Fifty Years a Medium – Chapter 12, 1/13 by Estelle Roberts

CHAPTER TWELVE,
FURTHER COMMUNICATIONS

It is now more than thirty-five years since the world was startled by the publication in a psychic newspaper of a series of automatic writings entitled “My Life After Death” by Edgar Wallace. Although I had no part in the origin of this script that came through a medium in Wales, I was concerned in establishing its authenticity.

During the last years of his life Edgar Wallace was always in the news as a novelist, journalist and a playwright. He was also a “character,” rich in eccentricities the public loves and, either by accident or design, he contrived brilliantly to live up to the reputation he had built up around himself. Indeed, so firmly was Wallace entrenched in the minds of the public, he continued to live in the memory as a popular legend long after he had made his physical exit from earth.

It is therefore not surprising that when Maurice Barbanell received a parcel containing spirit writings attributed to Wallace, he should take every precaution to establish their genuineness before publishing them.
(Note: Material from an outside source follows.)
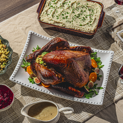 Cornbread Stuffing, Mashed Potatoes, Homestyle Gravy, and Cranberry Sauce.

Publication, Barbanell knew, would subject them to the severe scrutiny of the sceptics, with each seeking some point by which to discredit them. How then, he pondered, could he be sure of their authenticity?

He submitted them for the examination of Hannen Swaffer, an intimate friend of Wallace in between the intervals when they were “enemies.” These intervals were due to their respective roles as dramatic critic and playwright. Swaffer’s verdict was that the script gave evidence of having been written by a trained reporter, which the medium was not, but he could not say that Wallace was the post-mortem author.

Then Barbanell had a brainwave. He would consult Red Cloud, which he did at the next direct voice séance. The guide’s reply was to tell Barbanell to proceed no further until he, Red Cloud, had consulted Wallace himself. At the following voice séance Red Cloud reported that he had asked Wallace, who confirmed his authorship of the automatic writings, so Barbanell was free to go ahead with publication.

The publication of the spirit script, with its detailed description of life after death as Wallace had found it, produced the anticipated furore. Soon one of the major Spiritualistic controversies of all time was raging, with plenty of hard knocks taken and given by both sides. Robert Curtis, for fifteen years Wallace’s private secretary, was one of the leading antagonists,

condemning any suggestion that the manuscripts could have emanated from his old chief. While the storm was raging, Wallace returned again to join the battle with a further psychic exhibition, typical of his self-assertiveness, that fanned the flames of controversy to new heights. He caused his spirit portrait to appear on a plate exposed during a test séance of psychic photography.